Lane and Scott on the
trail in the Weminuche Wilderness in Colorado.
This principle pertains as much to humans as it does to horses and
bicycles. Individuals, families, and work groups who apply the concept are more
likely to be successful, while those who don't do so tend to be less
successful.
I once worked with the head of a large organization with 10
divisions and 3,000 members. He had no clear vision of where the organization
was going and was not enthusiastic about defining his vision, much less
communicating it to the people in the organization.
He saw his principal role as trouble shooting problems and putting
out fires.
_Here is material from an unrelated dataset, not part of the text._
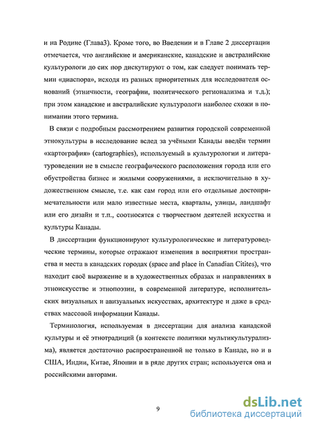 и на Родине (ГлаваЗ). Кроме того, во Введении и в Главе 2 диссертации отмечается, что английские и американские, канадские и австралийские культурологи до сих пор дискутируют о том, как следует понимать термин «диаспора», исходя из разных приоритетных для исследователя оснований (этничности, географии, политического регионализма и т.д.); при этом канадские и австралийские культурологи наиболее схожи в понимании этого термина.

When I suggested he should step outside his day-to-day tasks to
define and share his vision for the organization, he resisted. How could he
stop and do that, he asked, when he was already overwhelmed wrestling with
problems and putting out fires?
As it happened, there were always plenty of troubles and fires for
him to handle. It seemed to me that by focusing on problems, he attracted more
of them.
At the same time, the lack of forward momentum caused the energy
of the organization to be dissipated on petty internal concerns. Without
direction and a forward-focused vision, the organization languished and the
people in it were constantly squabbling, getting into mischief, and spawning
emergencies. Dealing with these issues took even more of his time and made it
even less likely that he would ever establish a clear vision of where they were
going.
I have observed that heads of organizations who lack "that
vision thing," as George H. W. Bush described it, have a difficult time
rallying their troops or keeping them out of trouble. King Solomon wrote that
"where there is no vision, the people perish." Proverbs 29: 18.
Usually they die from marching in endless circles, from starvation, or from constant
infighting.
Such officers may be in charge of organizations, but they are not
leaders. Being a leader requires purpose, vision, direction, and forward
movement.
The concept that it is impossible to keep a non-moving bicycle
upright is not very complicated. As a former student once derisively described
it, this principle is "stupidly simple and 'duh' obvious."
"Everybody knows that!"
he said.
I fully agree.
And yet, knowing that, how often do we find ourselves in a swirl
of crises because we don't have a clear vision and purpose?
How often do we get bogged down in a swamp of minutiae and trouble
because we forget to focus on our primary objective?
How often do we allow interruptions and distractions to divert our
attention and throw us off balance, draining precious energy and resources away
from our main mission?
Sometimes, even if we don't yet know all the answers to how we're
going to get to where we want to go, we simply must put one foot in front of
the other and start moving.
Often the answer is to just "head 'em up and move 'em
out."
When we do, we often find that forward momentum itself resolves or
makes irrelevant the nagging issues that previously kept us paralyzed.
Forward momentum itself gives us the energy to break through
barriers that once seemed insurmountable.
Forward momentum itself takes us to a place where we can see
clearly how to reach our ultimate objective.
Sometimes the solution to our quandaries is to get on our horses
and start riding toward our destination.
Or as Lane would say: "Mount up and let's get moving!"